6298a3e6 · Gustaf Ahdritz · 4d40ce80 · 6298a3e6 · 6298a3e6 · 6298a3e6
Commit 6298a3e6 authored Oct 23, 2021 by Gustaf Ahdritz
6 changed files
--- a/openfold/config.py
+++ b/openfold/config.py
@@ -179,6 +179,7 @@ config = mlc.ConfigDict(
                    "all_atom_positions",
                    "resolution",
                    "use_clamped_fape",
+                    "is_distillation",
                ],
            },
            "predict": {
@@ -192,6 +193,7 @@ config = mlc.ConfigDict(
                "crop": False,
                "crop_size": None,
                "supervised": False,
+                "subsample_recycling": False,
            },
            "eval": {
                "fixed_size": True,
@@ -204,6 +206,7 @@ config = mlc.ConfigDict(
                "crop": False,
                "crop_size": None,
                "supervised": True,
+                "subsample_recycling": False,
            },
            "train": {
                "fixed_size": True,
@@ -218,6 +221,7 @@ config = mlc.ConfigDict(
                "supervised": True,
                "clamp_prob": 0.9,
                "subsample_recycling": True,
+                "max_distillation_msa_clusters": 1000,
            },
            "data_module": {
                "use_small_bfd": False,

--- a/openfold/data/data_modules.py
+++ b/openfold/data/data_modules.py
+import copy
 from functools import partial
 import json
 import logging
@@ -462,9 +463,9 @@ class DummyDataset(torch.utils.data.Dataset):
 class DummyDataLoader(pl.LightningDataModule):
-    def __init__(self):
+    def __init__(self, batch_path):
        super().__init__()
-        self.dataset = Dataset()
+        self.dataset = DummyDataset(batch_path)

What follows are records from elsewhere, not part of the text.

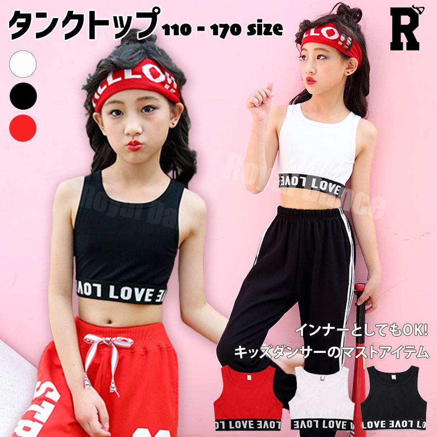 キッズダンス タンクトップ インナー へそ出し ブラトップ トップス シャツ ノースリーブ かわいい ガールズ ヒップホップ kpop 韓国 ロゴ ストリート 子供 女の子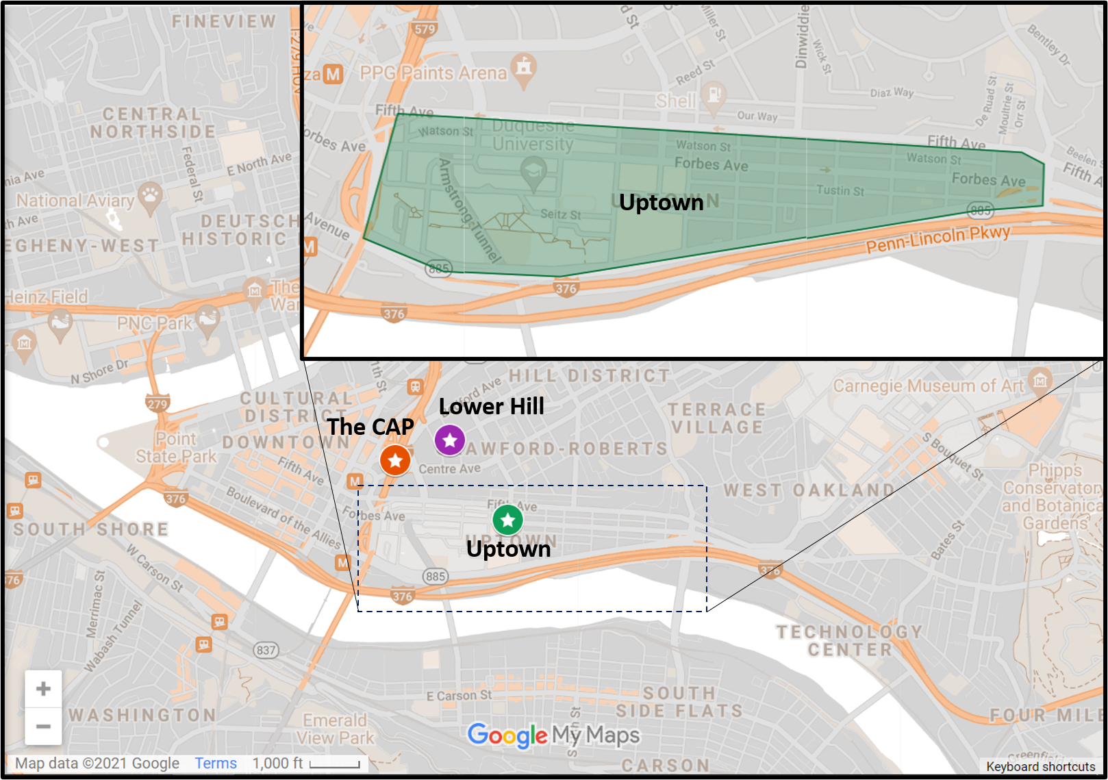 The Uptown community saw these changes coming and prepared. Between 2015 and 2017, the community organization Uptown Partners collaborated UPMC Mercy, Duquesne University, the City of Pittsburgh, and others to create the EcoInnovation District Plan and the Uptown Public Realm zoning district. The plan and new zoning district are intended to guide future development and leverage their economic investment for the greater good of the neighborhood. Ideally, this will reduce the number of those who will be left behind.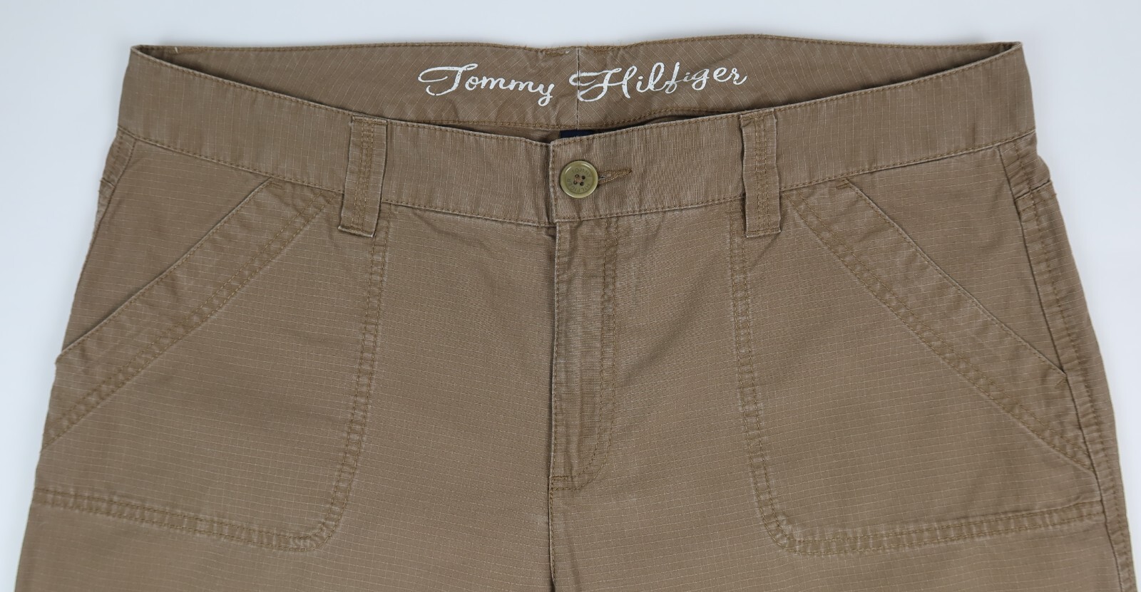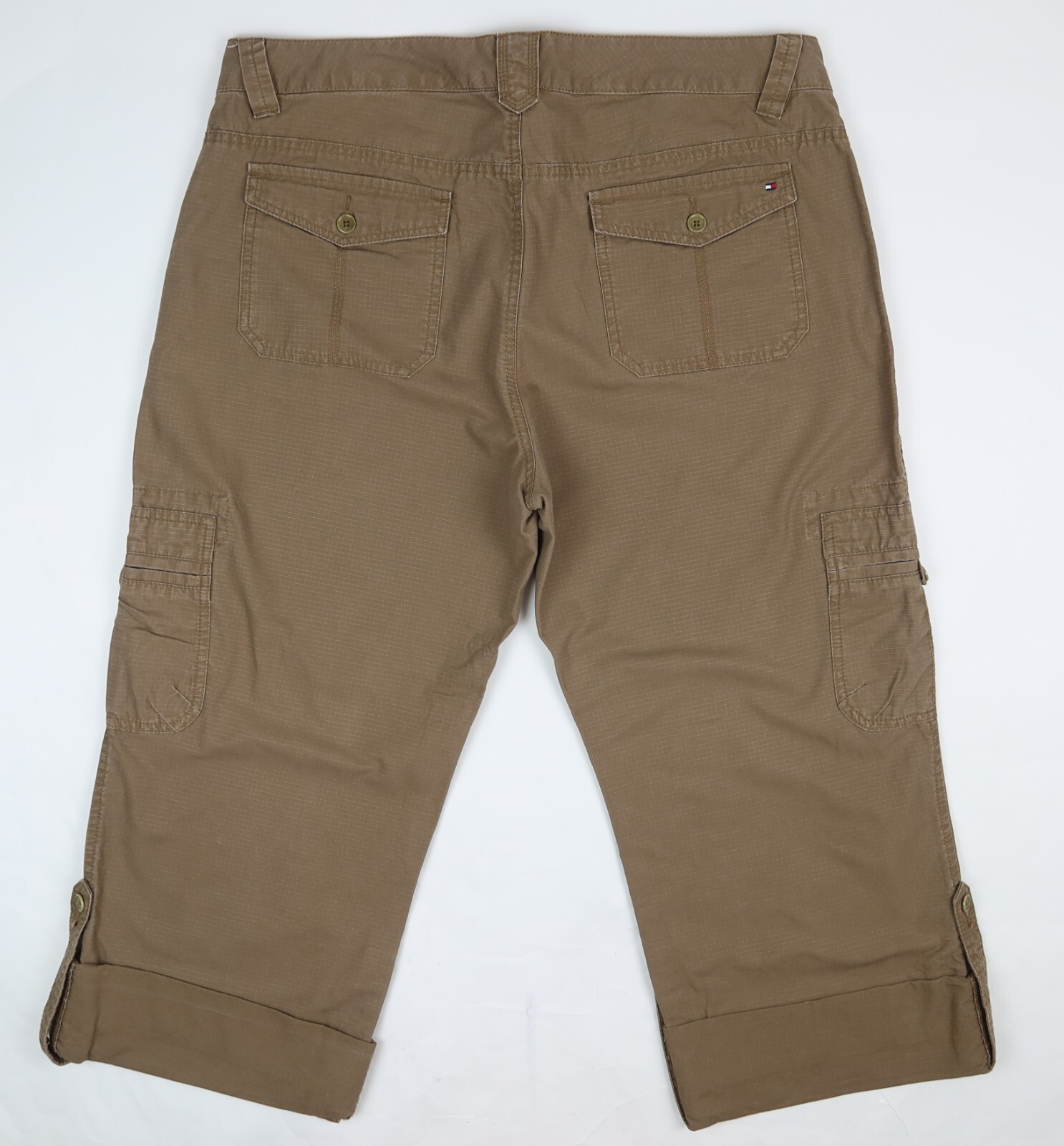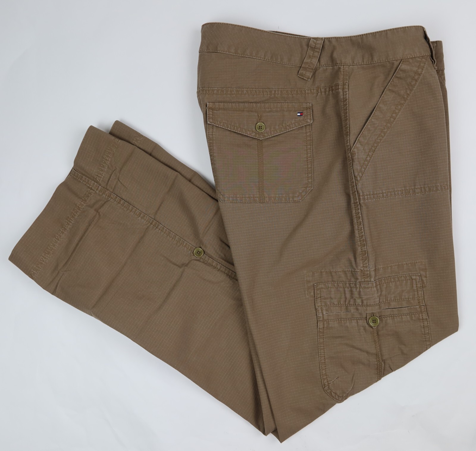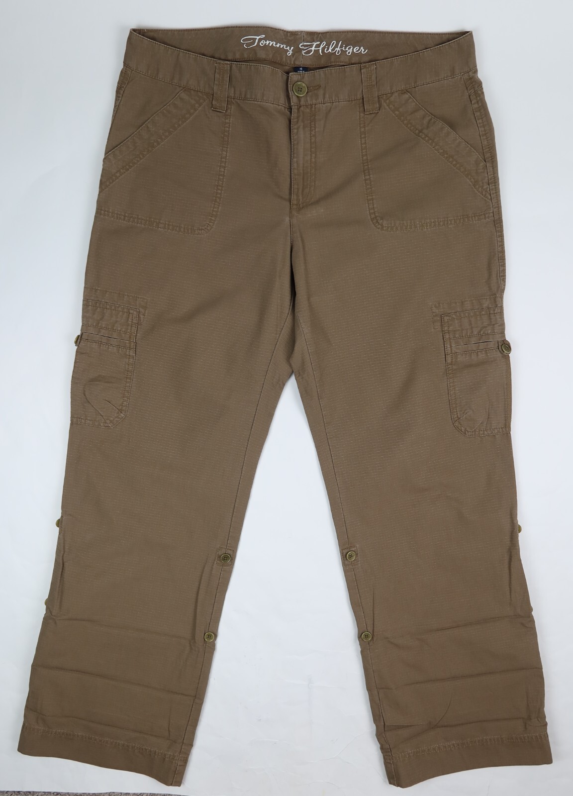 Tommy Hilfiger Women s Rip Stop Roll Tab Convertible Leg Cargo Pants Brown Sz 16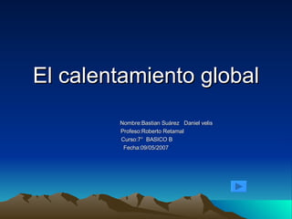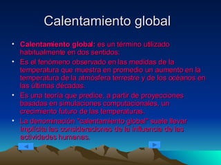 El documento describe el calentamiento global como un aumento observado en las temperaturas de la atmósfera y los océanos en las últimas décadas, así como una teoría que predice mayores temperaturas futuros si continúan las emisiones de gases de efecto invernadero. La opinión científica mayoritaria es que la mayor parte del calentamiento de los últimos 50 años se debe a la actividad humana, principalmente debido al aumento de dióxido de carbono según simulaciones.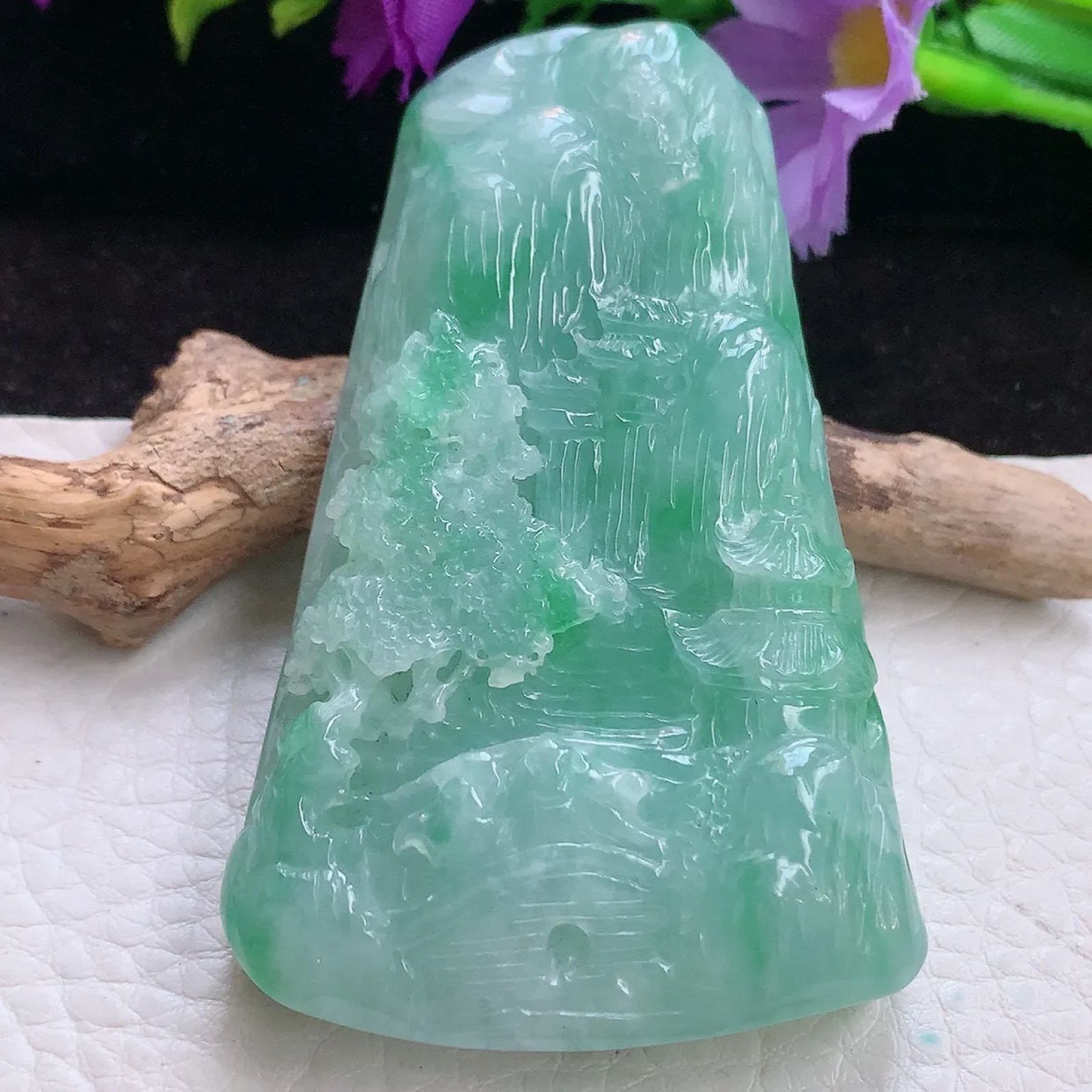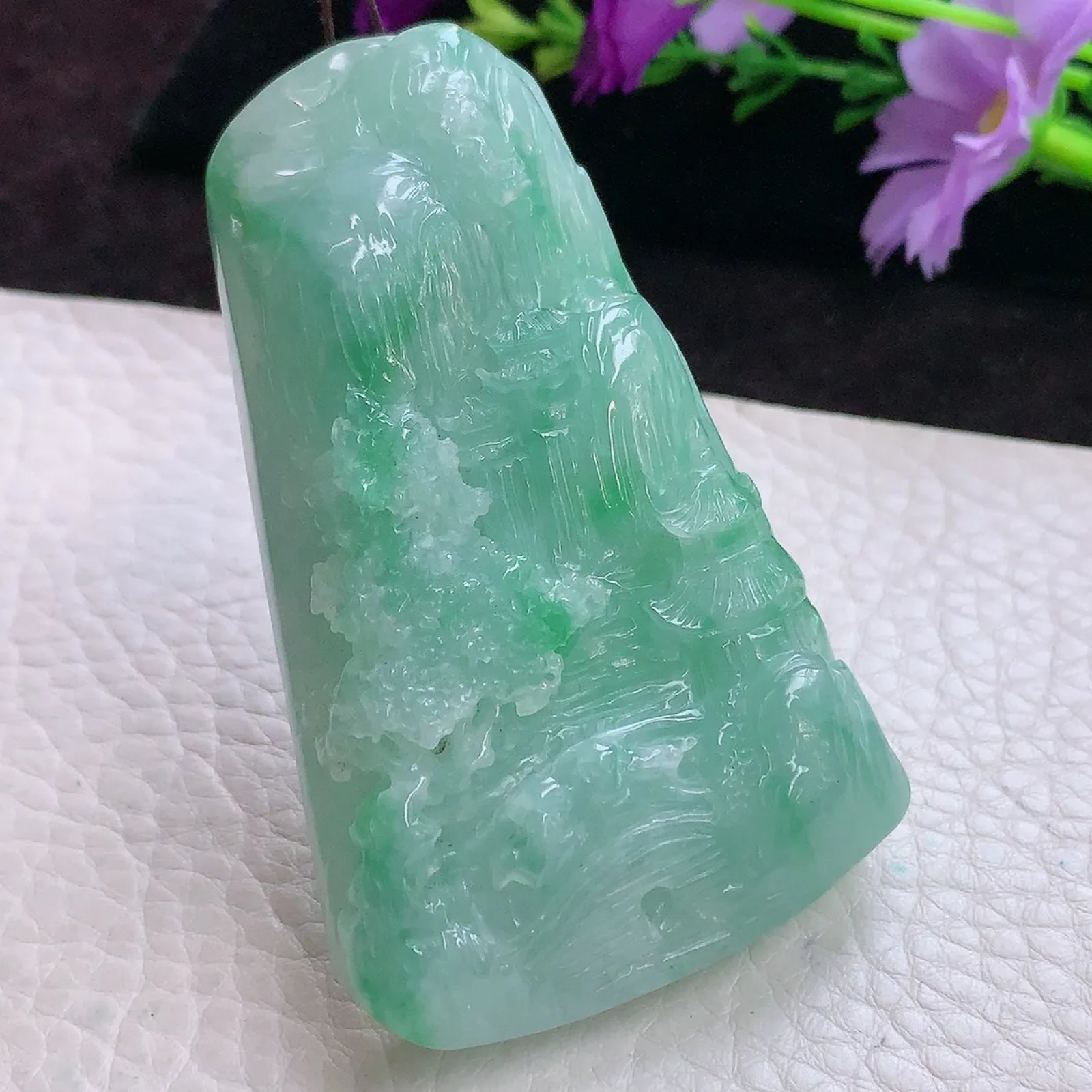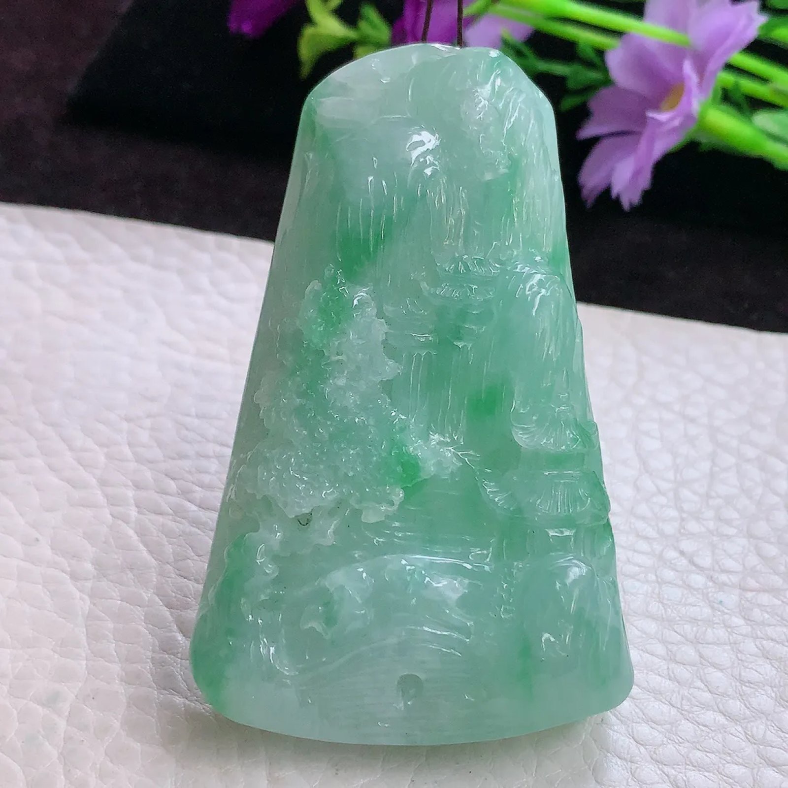 | 特点: | 翡翠简介:1. 老坑老种料,质地细腻通透,光泽莹润感强,是品质较好的中高端翡翠种水,质感清透柔和。2. 呈现均匀清新的淡绿色,搭配自然飘绿:颜色协调灵动,视觉质感温润清爽,是翡翠中讨喜的清新绿色系色泽。3. 采用精工浮雕工艺:题材为山水亭台景致,树木纹理、建筑细节刻画精细逼真;线条流畅自然,层次感丰富,精准还原了山水意境的雅致韵味,工艺细腻且表现力突出。 4. 山水题材寓意 “宁静致远、福寿绵长”,同时承载着 “寄情山水、心境平和” 的美好祈愿。5. 作为翡翠吊坠,尺寸得体,冰莹清透的质感搭配清新绿色泽,佩戴于颈部显得典雅大气,适配日常装饰与各类服饰风格,尽显雅致审美,让人爱不释手。具有很高的艺术和收藏价值,是一件难得的精品吊坠,值得您的拥有! |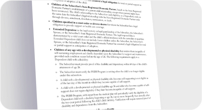 • Children based on establishment of a parent-child relationship, as described in Washington State statutes, except when parental rights have been terminated. • Children of the Subscriber’s Spouse, based on the Spouse’s establishment of a parent-child relationship, except when parental rights have been terminated. The stepchild’s relationship to the Subscriber (and eligibility as a Dependent) ends on the same date the marriage with the Spouse ends through divorce, annulment, dissolution, termination, or death. • Children for whom the Subscriber has assumed a legal obligation for total or partial support in anticipation of adoption of the child. • Children of the Subscriber’s State-Registered Domestic Partner, based on the State-Registered Domestic Partner’s establishment of a parent-child relationship, except when parental rights have been terminated. The child’s relationship to the Subscriber (and eligibility as a Dependent) ends on the same date the Subscriber’s legal relationship with the State-Registered Domestic Partner ends through divorce, annulment, dissolution, termination, or death. • Children specified in a court order or divorce decree for whom the Subscriber has a legal obligation to provide support or health care coverage. • Extended Dependent in the legal custody or legal guardianship of the Subscriber, the Subscriber’s Spouse, or the Subscriber’s State-Registered Domestic Partner. The legal responsibility is demonstrated by a valid court order and the child’s official residence with the custodian or guardian. Extended Dependent child does not include foster children unless the Subscriber, the Subscriber’s Spouse, or the Subscriber’s State-Registered Domestic Partner has assumed a legal obligation for total or partial support in anticipation of adoption. • Children of any age with a developmental or physical disability that renders them incapable of self-sustaining employment and chiefly dependent upon the Subscriber for support and maintenance, provided such condition occurs before the age of 26. The following requirements apply to a Dependent child with a disability: o The Subscriber must provide proof of the disability and dependency within 60 days of the child’s attainment of age 26. o The Subscriber must notify the PEBB Program in writing when the child is no longer eligible under this subsection. o A child with a developmental or physical disability who becomes self-supporting is not eligible as of the last day of the month in which they become capable of self-support. o A child with a developmental or physical disability age 26 and older who becomes capable of self- support does not regain eligibility if they later become incapable of self-support. o The PEBB Program, with input from the medical plan will periodically verify the eligibility of a Dependent child with a disability beginning at age 26, but no more frequently than annually after the two-year period following the child’s 26th birthday. Verification will require renewed proof of disability and dependence from the Subscriber. Enrollment for Subscribers and Dependents For All Subscribers and Dependents To enroll at any time other than during the initial enrollment period, see “Making Changes.” Any Dependents enrolled in medical coverage will be enrolled in the same medical Plan as the Subscriber. Exceptions apply for non-Medicare enrollees when a subscriber selects a Medicare Supplement, Medicare Advantage, or Medicare Advantage Prescription Drug plan. EWCLGHDHP1983ACT0124 16 WAPEBB-CD-ACT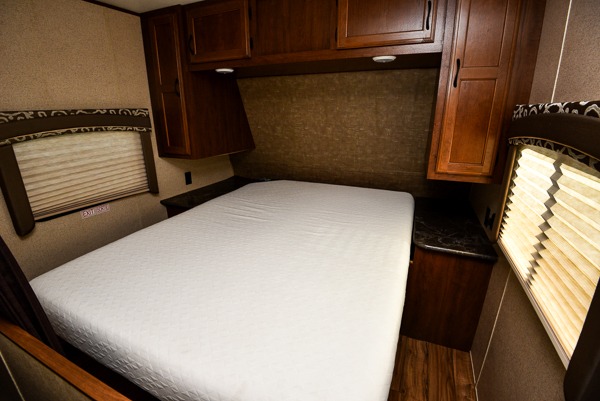 In the front of the trailer has a queen bed with wardrobes on either side of the bed.

    def train_dataloader(self):
        return torch.utils.data.DataLoader(self.dataset)
--- a/openfold/data/data_pipeline.py
+++ b/openfold/data/data_pipeline.py
@@ -113,6 +113,7 @@ def make_pdb_features(
    pdb_feats["all_atom_positions"] = all_atom_positions
    pdb_feats["all_atom_mask"] = all_atom_mask
+    pdb_feats["resolution"] = np.array([0.]).astype(np.float32)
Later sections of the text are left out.